(Isn't this photo AMAZING? By Sala Kannan for Life of Spice)
I have this thing about fruitcakes. I hate them. I mean really truly hate them: the ones I am talking about are the ones that I find in Indian grocery stores that have things in them that, I swear, would glow in the dark. They have small green, red, yellow things in there that look like jello gone bad. And then there is the the smell. Okay, you get the idea.
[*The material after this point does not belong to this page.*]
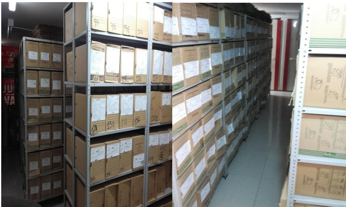
IMÁGENES DEL ARCHIVO CENTRAL

los tiempos de retención y permite a la administración proporcionar un servicio eficaz y eficiente.

I was reading the fab essay collection Fits, Starts and Matters of the heart ( and I want to mention that it does feature my essay on my own obsession with Nutella) and I came across an essay and a recipe for fruitcake by author Lisa Harris. I read it. Hmm.. Read it again. Raisins? Cherries? Cranberries. I wanted to make it. As it baked, I wondered if it would be a good cake or like the ones I dread.
Happy to report that the cake is awesome. I made it without the port for the kids and they loved it. This is THE fruitcake for people who hate fruitcakes! A perfect homemade gift for the holidays (and after for yourself!)
Lisa Harris’s Fruit Cake
As featured in Fits, Starts and Matters of the Heart.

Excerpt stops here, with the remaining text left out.